_Your task_.
Please print, exactly, only the lines in the entries below from the line that has "[本站讯]6月18日,体育学" through the line that has "Voiture électrique 4x4". Pictures don't go in.

_Available data_.
※
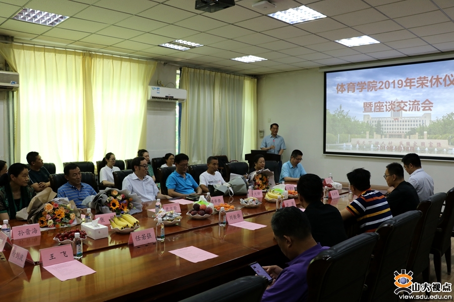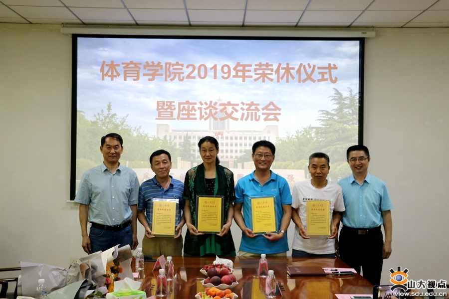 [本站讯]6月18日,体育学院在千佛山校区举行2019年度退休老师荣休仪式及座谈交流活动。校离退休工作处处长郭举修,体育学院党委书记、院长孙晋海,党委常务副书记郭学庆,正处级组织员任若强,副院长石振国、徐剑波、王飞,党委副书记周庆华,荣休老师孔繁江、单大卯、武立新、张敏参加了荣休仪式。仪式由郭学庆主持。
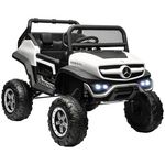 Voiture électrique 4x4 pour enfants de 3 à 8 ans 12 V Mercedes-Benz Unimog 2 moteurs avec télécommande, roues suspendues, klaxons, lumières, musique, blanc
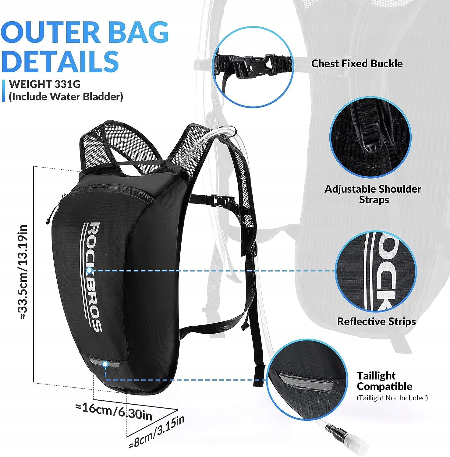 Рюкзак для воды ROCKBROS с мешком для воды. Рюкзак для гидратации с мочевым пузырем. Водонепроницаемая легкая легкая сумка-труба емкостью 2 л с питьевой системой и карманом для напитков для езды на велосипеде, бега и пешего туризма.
※
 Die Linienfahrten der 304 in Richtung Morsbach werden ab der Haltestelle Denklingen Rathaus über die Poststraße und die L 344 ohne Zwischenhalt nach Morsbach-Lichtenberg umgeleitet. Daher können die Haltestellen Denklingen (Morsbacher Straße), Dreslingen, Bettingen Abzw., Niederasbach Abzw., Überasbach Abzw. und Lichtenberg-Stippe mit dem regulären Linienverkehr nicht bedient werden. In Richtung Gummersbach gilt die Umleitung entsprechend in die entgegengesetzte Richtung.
※
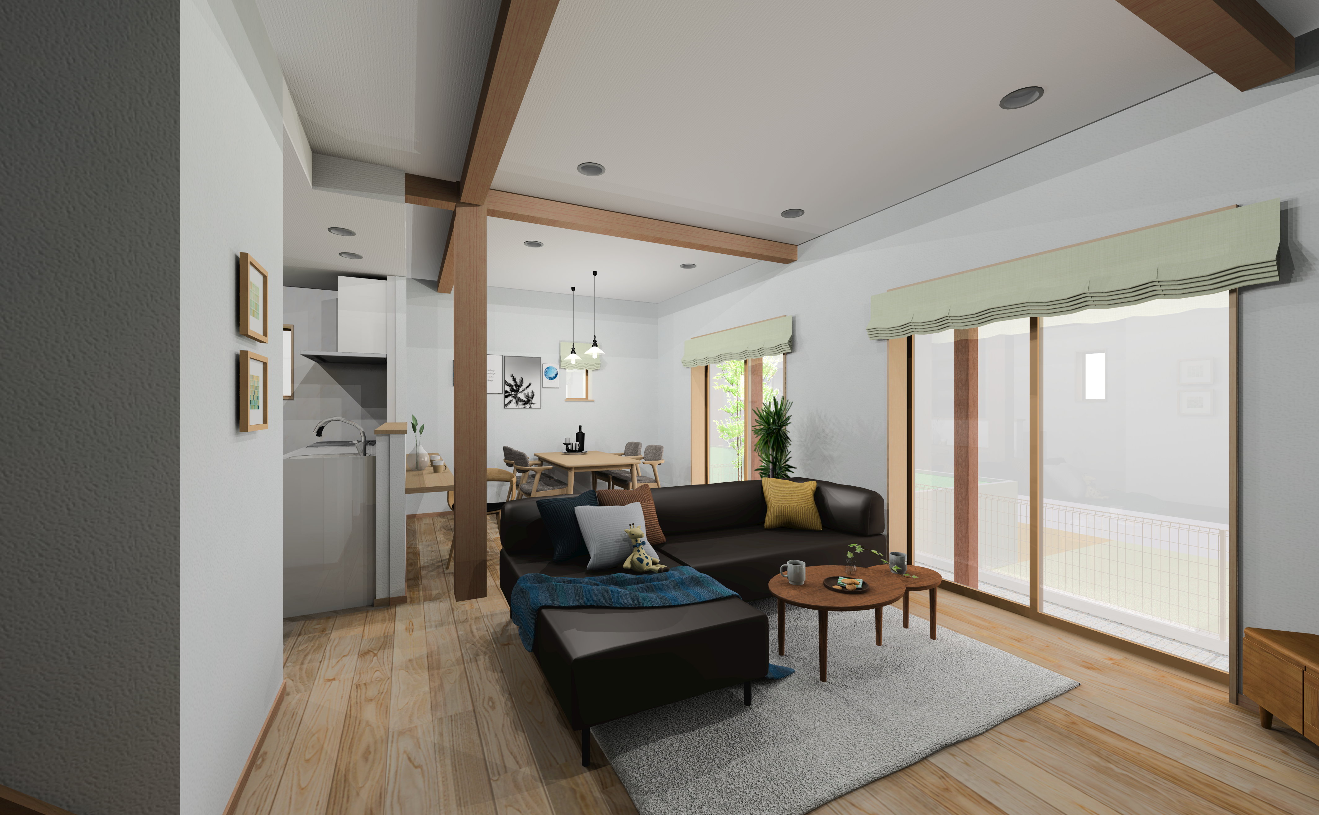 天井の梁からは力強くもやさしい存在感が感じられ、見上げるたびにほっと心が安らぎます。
※
_Answer to this task_.
 [本站讯]6月18日,体育学院在千佛山校区举行2019年度退休老师荣休仪式及座谈交流活动。校离退休工作处处长郭举修,体育学院党委书记、院长孙晋海,党委常务副书记郭学庆,正处级组织员任若强,副院长石振国、徐剑波、王飞,党委副书记周庆华,荣休老师孔繁江、单大卯、武立新、张敏参加了荣休仪式。仪式由郭学庆主持。
 Voiture électrique 4x4 pour enfants de 3 à 8 ans 12 V Mercedes-Benz Unimog 2 moteurs avec télécommande, roues suspendues, klaxons, lumières, musique, blanc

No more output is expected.